Taking the preprocessed image data as input, and iteratively optimizing parameters of the neural network through a back propagation algorithm. Training is performed using a training set, and the network weights and biases are adjusted in a manner that minimizes the loss function.
And verifying the model obtained through training by using a verification set, and evaluating the performance of the model. And (3) optimizing the model parameters according to the verification result, and improving the generalization capability of the model by means of adjusting the learning rate, increasing regularization and the like. And saving the trained belt wearing detection model as a file for subsequent deployment.
And integrating the stored model into an actual system for real-time monitoring of the wearing state of the safety belt in the high-altitude power operation scene. Ensuring that the model is compatible with the interfaces of the actual system and performing the necessary tests and verifications.
And monitoring the wearing state of the safety belt in an actual system, and acquiring image data of an overhead power operation scene in real time. And deducing the image data by using the deployed model to obtain a prediction result of the wearing state of the safety belt. And carrying out real-time monitoring and feedback according to the prediction result, and ensuring the safety of operators.
S4: and detecting the images acquired on site in real time by using the trained safety belt wearing detection model, and detecting the wearing of the safety belt in the high-altitude power operation scene.
Specifically, the safety belt wearing condition of high altitude electric power operation personnel in real time: the safety belt wearing detection network structure has the capability of real-time monitoring, and timely detects the wearing state of the safety belt of the high-altitude electric power operation personnel by inputting real-time video stream or image.
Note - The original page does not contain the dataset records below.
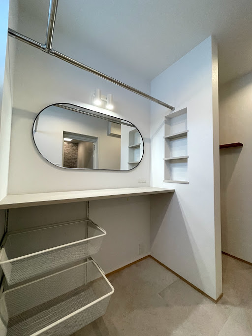 鏡やバスケットはIKEA製。シンプルでカッコかわいいです!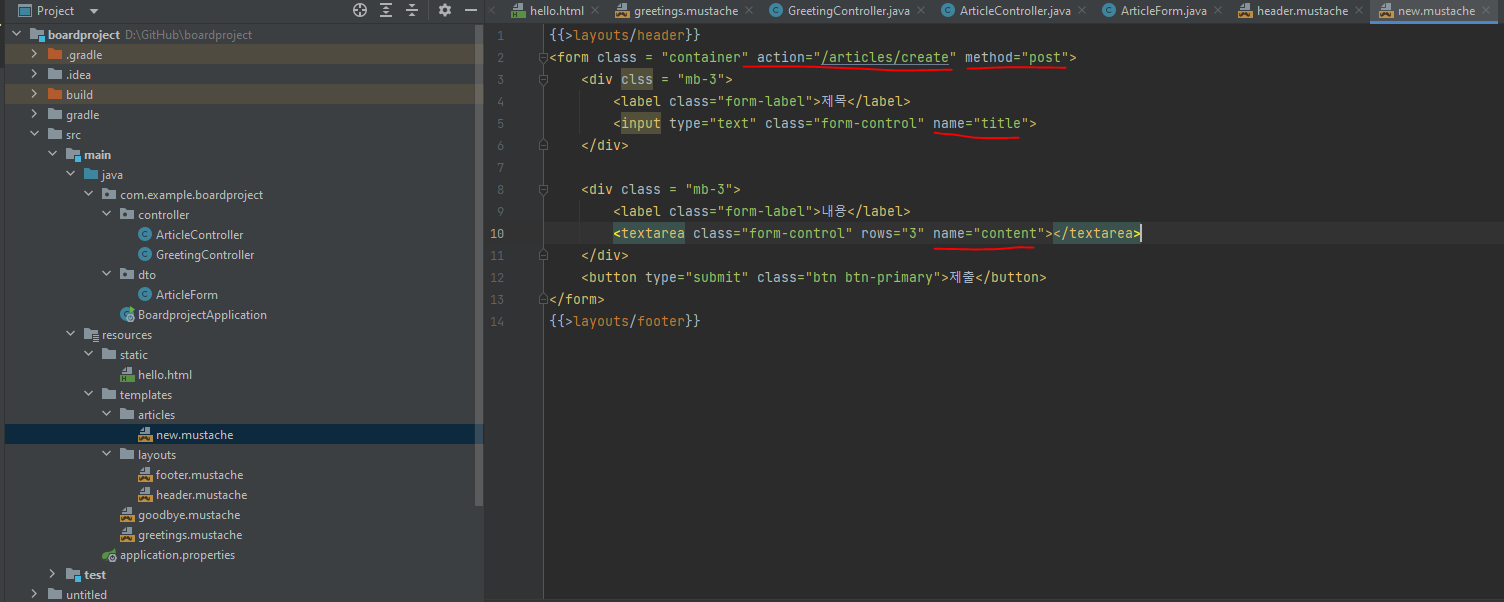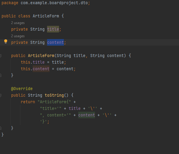 DTO의 field는 view page에서 데이터가 적히는 input과 textarea 태그의 name 속성들의 이름과 같아야 한다. 이렇게 해주면 각각의 name에 해당하는 데이터가 DTO field에 저장된다. 여기서는 input태그의 name이 title이기 때문에 ArticleForm 객체의 title field에 저장된다. textarea의 name은 content이기 때문에 ArticleForm의 title에 저장된다.
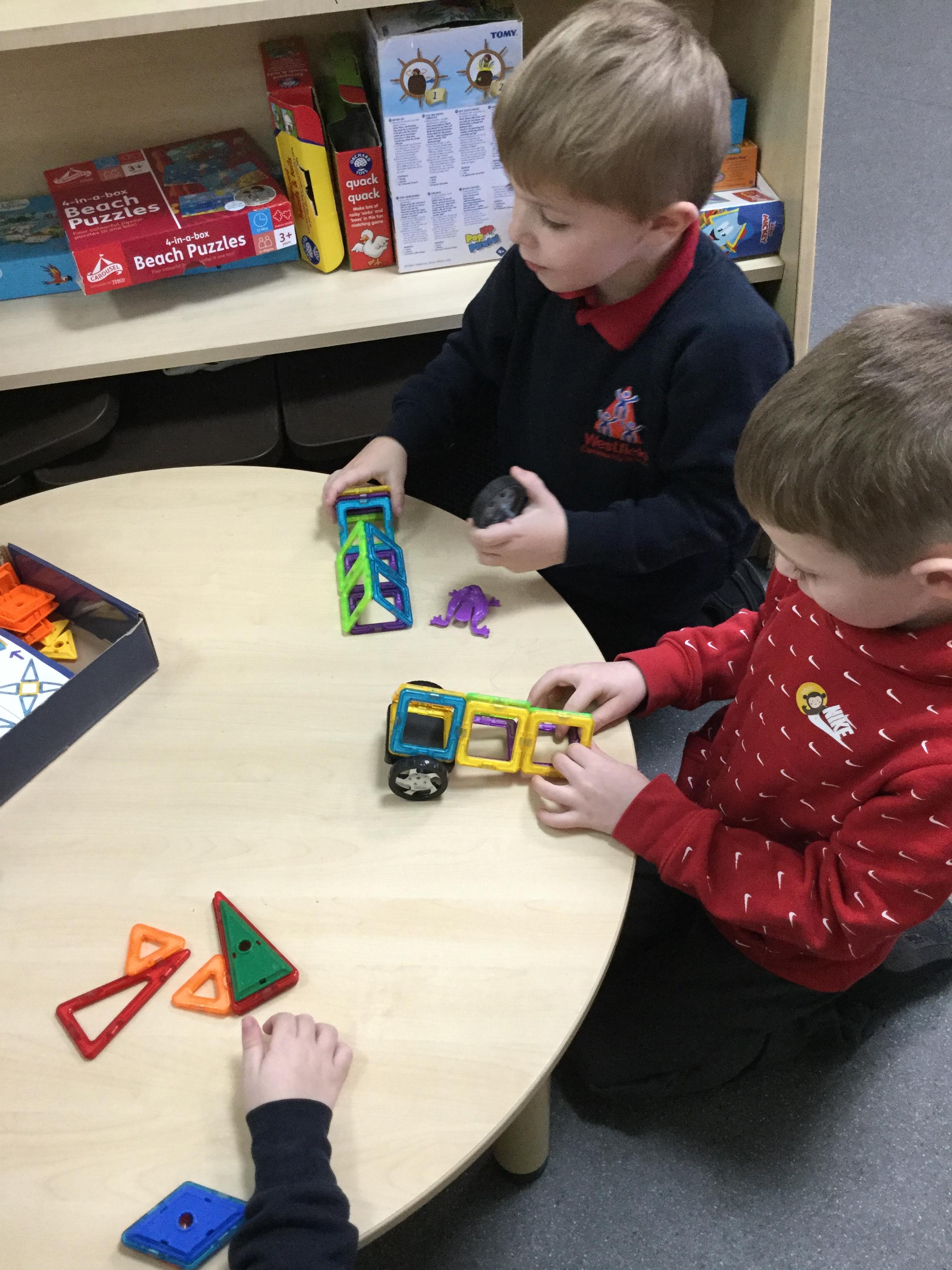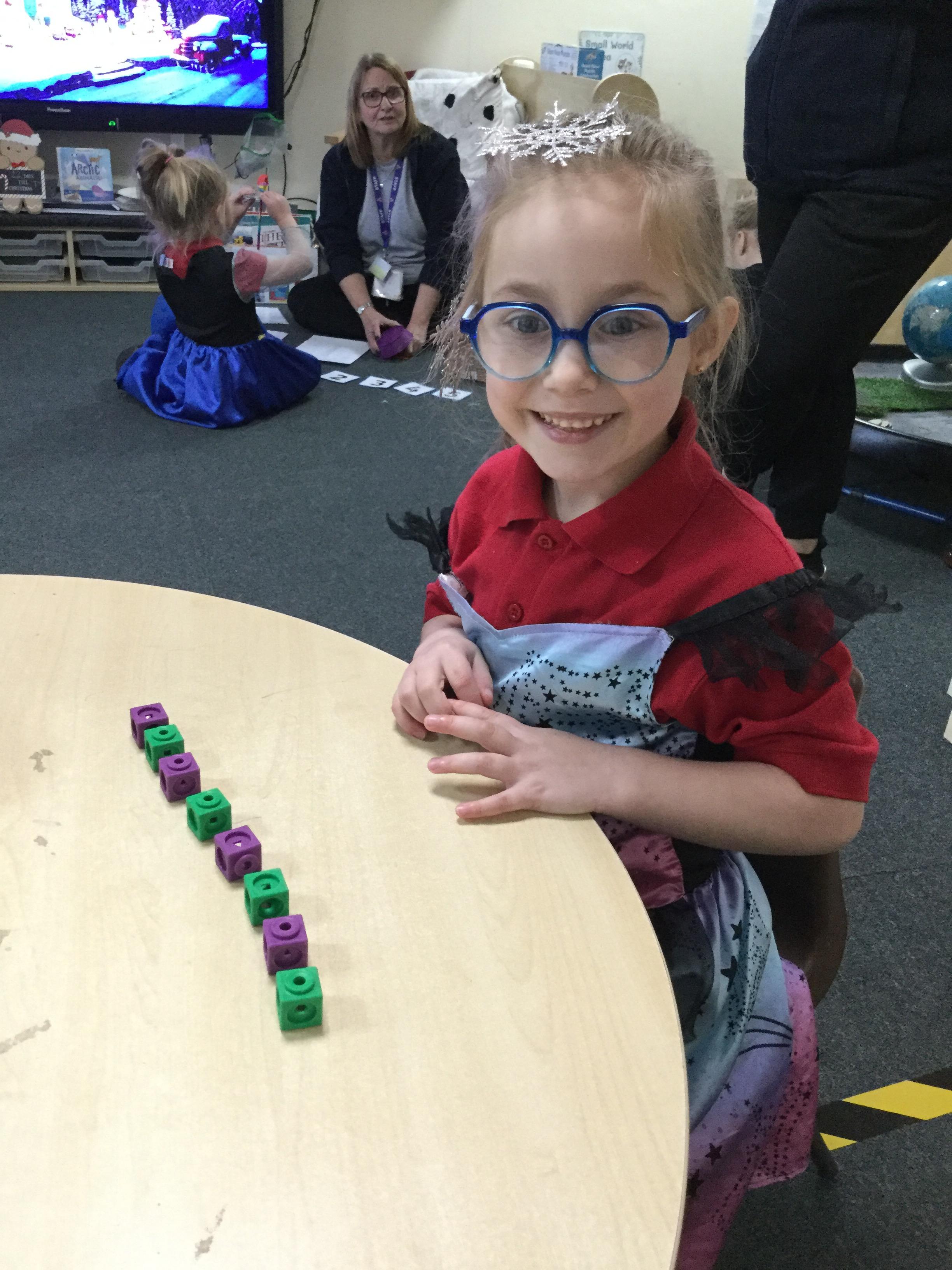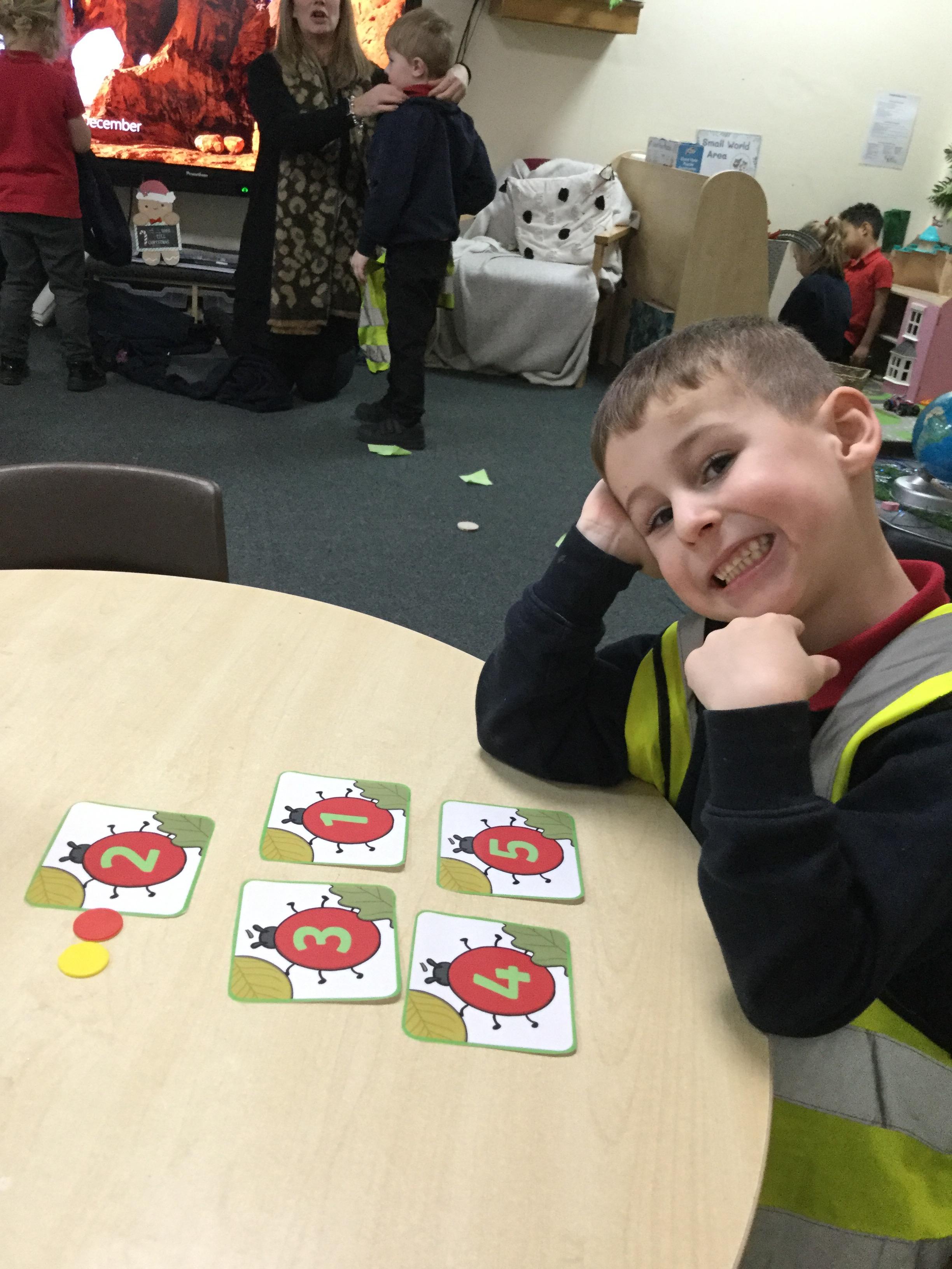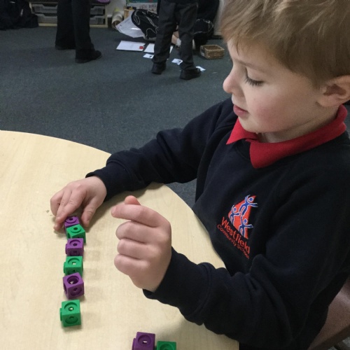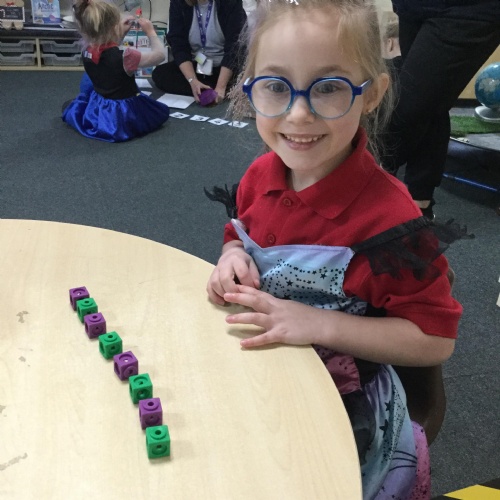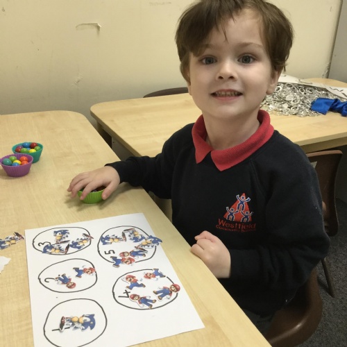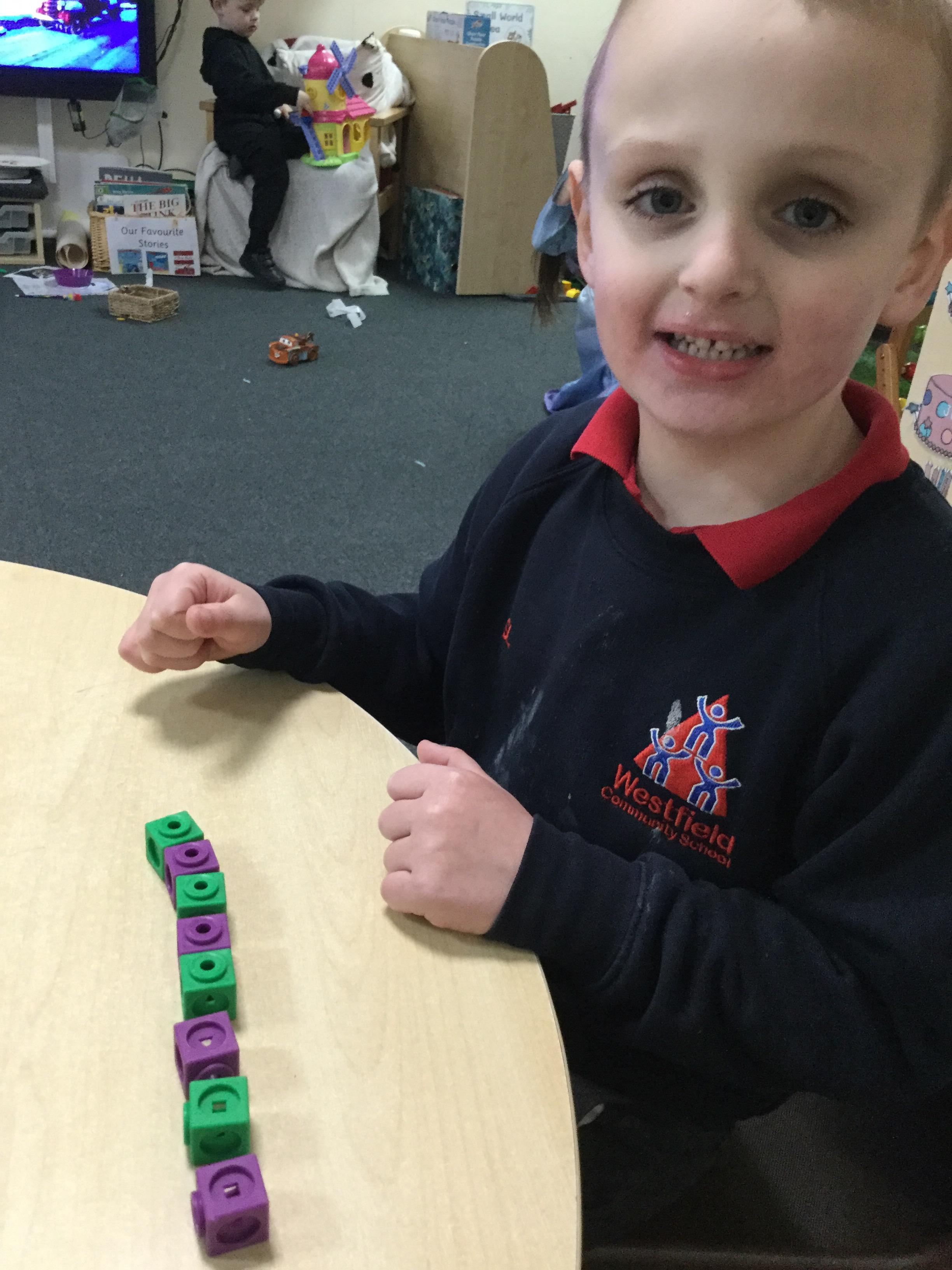 In maths, we have been working with numbers 4 and 5, we have subitised, sorted amounts, looked at numerals and matched quantities to it. We have played fast fingers to match an amount and showed the correct number of fingers on one hand. Using coloured blocks we made repeating patterns. We have looked at circles and squares, we sorted shapes and described them. We looked at shape pictures and looked for circles and triangles in the pictures.

Based on the detected wearing condition of the safety belt, judgment is carried out to distinguish whether the safety belt is not worn or is not worn normally.
When the system judges that the system is not worn or is not worn normally, the system can trigger an acoustic alarm, and immediately send an alarm signal to the surrounding environment in an acoustic reminding mode so as to attract the attention of related personnel. And sending alarm notification to related personnel, and simultaneously, the system also has the function of sending alarm notification to related personnel, and sending alarm information to appointed personnel or a monitoring center through a communication means so as to take necessary security measures and actions in time. This helps to improve the safety and emergency response capability of the workplace.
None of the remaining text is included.